• _THE PROBLEM_: Retype, exactly as they stand, the lines from the start of the data to the line that contains "Детски бански шорти", both ends included. Leave the pictures out.

═════ RECORDS FOR THIS TASK

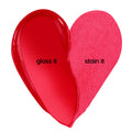Fruit Punch ColourPop Lip Stain swatch shaped like a heart, left side glossy cherry red labeled 'gloss it', right side matte hot pink labeled 'stain it', on a white background.
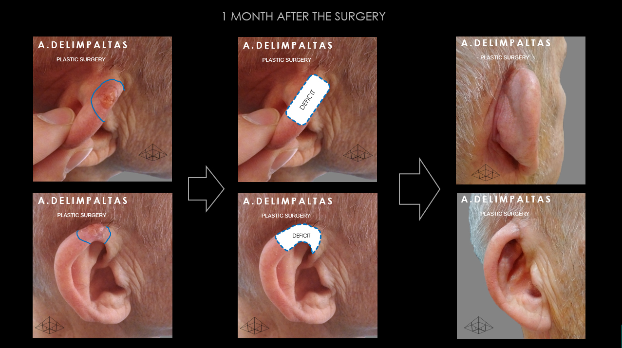Resection of the lesion to healthy margins according to international protocols and restoration functional and aesthetic of the affected area with advanced technique of transferring self-feeding healthy tissue from the posterior region of the auricle
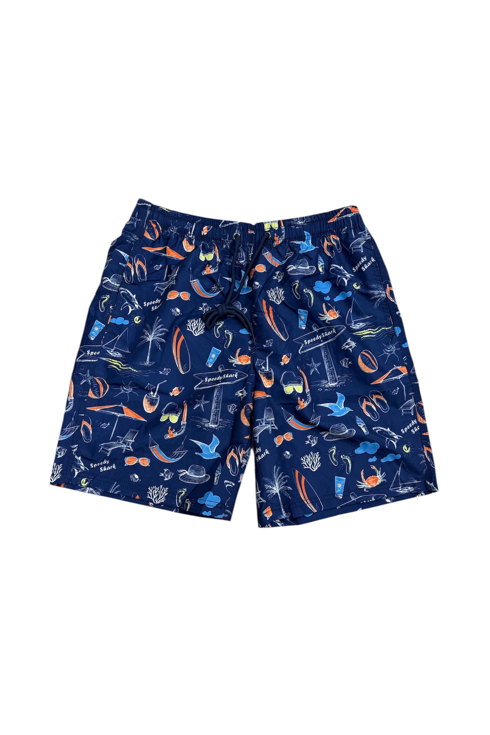 Детски бански шорти от лека и бързосъхнеща материя, с вътрешен мрежест бандаж и ластичен колан на талията с връзки. Моделът е с два странични и един заден джоб.
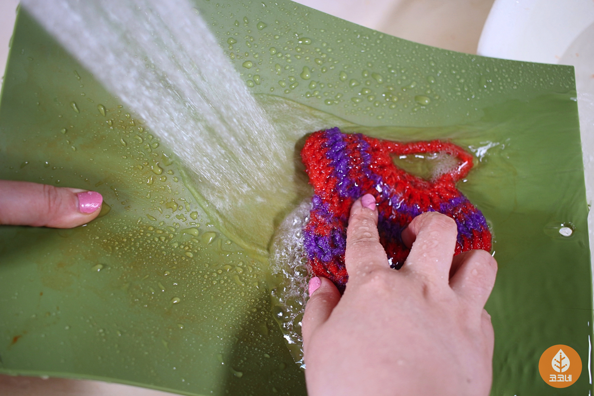 물로 헹굴 때 수세미로 닦아서
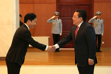 | Ðại sứ Việt Nam tại Mông Cổ Phan Ðăng Ðương trình Thư ủy nhiệm của Chủ tịch nước Trương Tấn Sang lên Tổng thống Mông Cổ Tsakhiagiin Elbegdorj. |
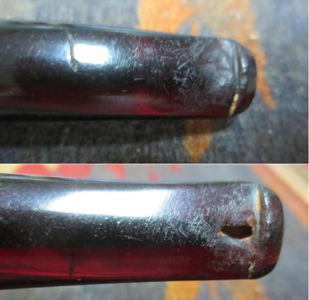 The red Bakelite stem had a deep scar on the top side mid stem. There were a lot of deep tooth marks and indentations on the top of the stem and the button showed tooth marks.
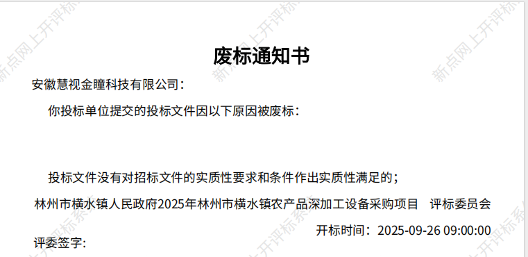 | 评标结果如下: 第一中标(成交)供应商:林州市鸿鼎商贸有限公司技术和商务:**.**分,价格:**.**分,总分:**.**分;第二中标候选供应商:林州市颂祥农业服务有限公司技术和商务:**.**分,价格:**.**分,总分:**.**分;第三中标候选供应商:林州市鹏裕商贸有限公司技术和商务:**.**分,价格:**.**分,总分:**.**分;其他供应商:林州市广声商贸有限公司总得分:**.**分;废标情况:安徽慧视金瞳科技有限公司因投标文件没有对招标文件的实质性要求和条件作出实质性满足而废标。 各有关当事人对评标结果如有异议者,可以在公告结束之日起七个工作日内,以书面形式向采购人、采购代理机构提出质疑(加盖单位公章且法定代表人签字,并附带相应的证明材料),由法定代表人或其授权代表携带企业营业执照复印件(加盖公章)及授权委托书、本人身份证件(原件)一并提交(邮寄、邮件不予受理),并以质疑函接受确认日期作为受理时间。逾期未提交或未按照要求提交的质疑函将不予受理。 | |||||||||||||||||||||||||||||||
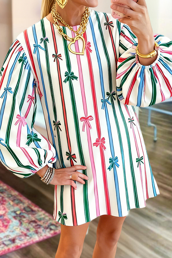 Colorful Striped Bow Puff Sleeve Mini Dress
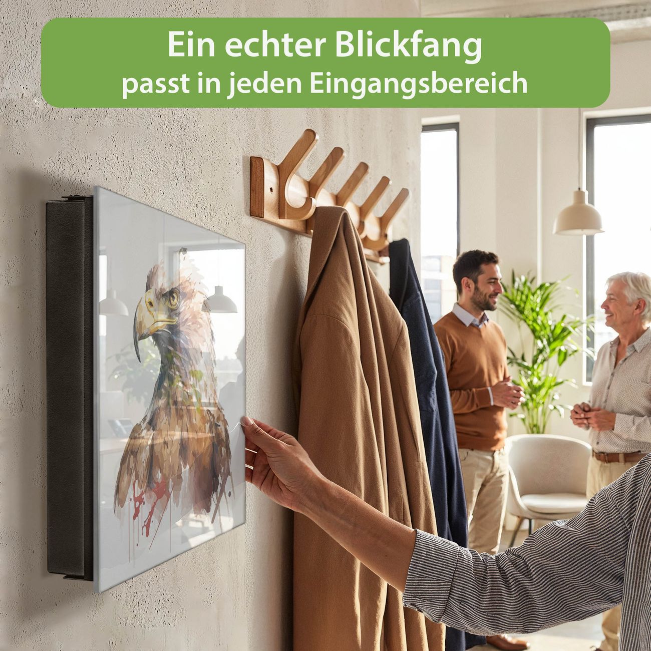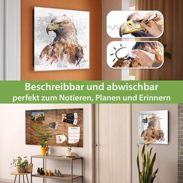 Bringe Ordnung und Eleganz in deinen Eingangsbereich mit dem banjado Schlüsselkasten Motiv Motiv Majestätischer Adler. Die moderne Schlüsselbox kombiniert funktionales Design mit hochwertiger Verarbeitung und wird so zu einem echten Hingucker in Flur, Büro oder Ferienwohnung. ✅ Stilvolle Schlüsselaufbewahrung mit Glasfront im Motiv Motiv Majestätischer Adler Der Design-Schlüsselkasten Motiv Motiv Majestätischer Adler bietet Platz für bis zu 50 Schlüssel, die auf 5 stabilen Reihen mit je 10 Haken übersichtlich verstaut werden. Mit seinen kompakten Maßen von 30 x 30 x 5 cm passt die Schlüsselbox perfekt auch in kleinere Räume. Der schwarz lackierte Stahlkorpus mit rechts angeschlagenem Türscharnier harmoniert mit der Glasfront und fügt sich nahtlos in jedes Wohnambiente ein. Ob als Schlüsselorganizer für Zuhause oder als praktische Lösung für Büros, Praxen und Gewerbe, der banjado Schlüsselkasten sorgt für Ordnung und Übersicht. Dank der magnetischen, mit Kreidestiften beschreibbaren Glasfront kannst du Notizen anheften oder Termine direkt auf der Oberfläche festhalten. Die Schlüsselbox Motiv Motiv Majestätischer Adler zur Wandmontage wird inklusive Befestigungsmaterial geliefert und ist schnell angebracht. So hast du deine Schlüssel jederzeit griffbereit und zugleich stilvoll verstaut. Mit diesem banjado Schlüsselkasten Motiv Motiv Majestätischer Adler kombinierst du praktische Aufbewahrung mit stilvollem Wohndesign. Ob privat oder geschäftlich, die Schlüsselbox sorgt für mehr Ordnung, Übersicht und ein wohnliches Ambiente.Vorteile im Überblick
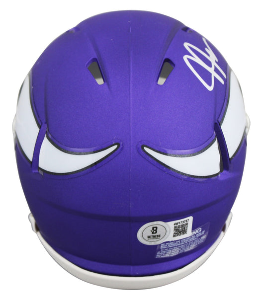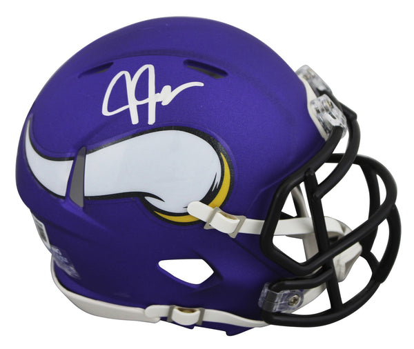 This Autographed Mini Helmet W/ Uv Mirrored Back Acrylic Display Case has been Personally Signed by Justin Jefferson of the Minnesota Vikings. This item is 100% Authentic to include a Certificate of Authenticity (COA) / hologram by Beckett Authentication Services. This is a BAS Witnessed Protection Program item which means a Beckett Authentication Service representative was present when this item was being signed. We conducted an autograph signing with Justin Jefferson where multiples of the same item were signed. While the photographs are representative of this item, the size, placement and strength of the signature may vary. Each item is hand signed, therefore, each autograph is unique. This item can be verified through BAS Witnessed.
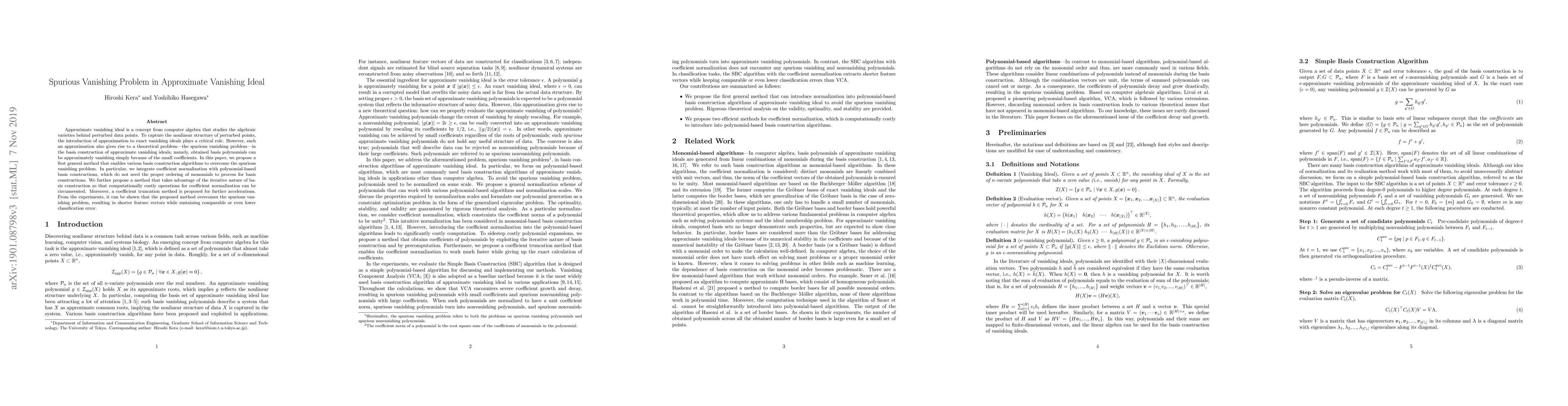 This paper addresses the spurious vanishing problem in approximate vanishing ideals, proposing a method that integrates coefficient normalization and iterative basis construction to overcome it. The approach avoids computationally expensive coefficient normalization and includes a coefficient truncation method for further efficiency, demonstrating improved performance in feature vector length and classification accuracy.
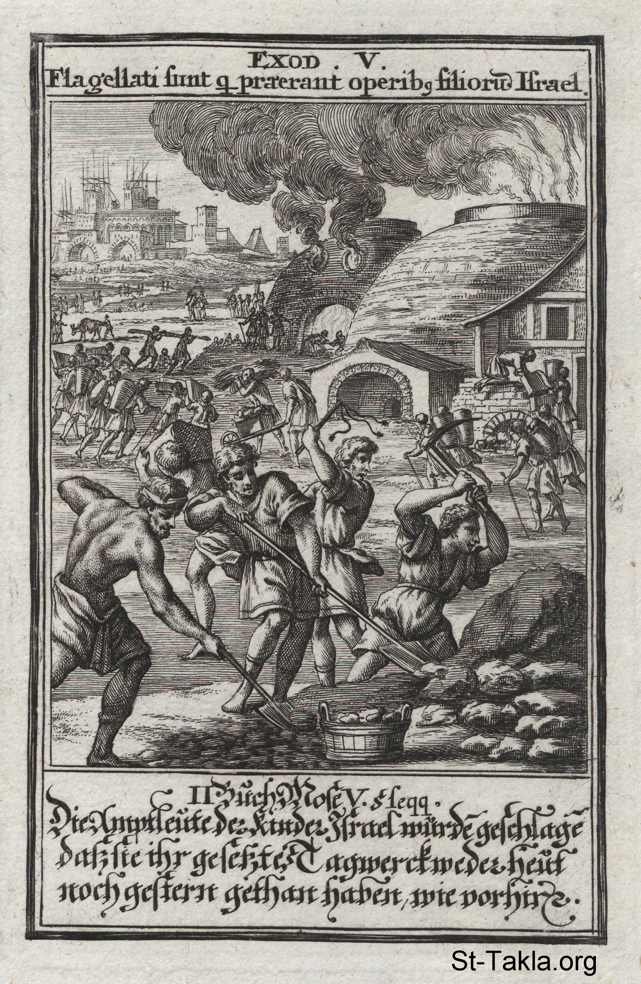 Israel in Egyptian Bondage: While making bricks, Hebrew slaves are beaten and mistreated by Egyptian masters: (Exodus 5) - from the book: Biblia Ectypa (Pictorial Bible), by Johann Christoph Weigel, 1695.

══════════

• _RESPONSE_:
Fruit Punch ColourPop Lip Stain swatch shaped like a heart, left side glossy cherry red labeled 'gloss it', right side matte hot pink labeled 'stain it', on a white background.
Resection of the lesion to healthy margins according to international protocols and restoration functional and aesthetic of the affected area with advanced technique of transferring self-feeding healthy tissue from the posterior region of the auricle
 Детски бански шорти от лека и бързосъхнеща материя, с вътрешен мрежест бандаж и ластичен колан на талията с връзки. Моделът е с два странични и един заден джоб.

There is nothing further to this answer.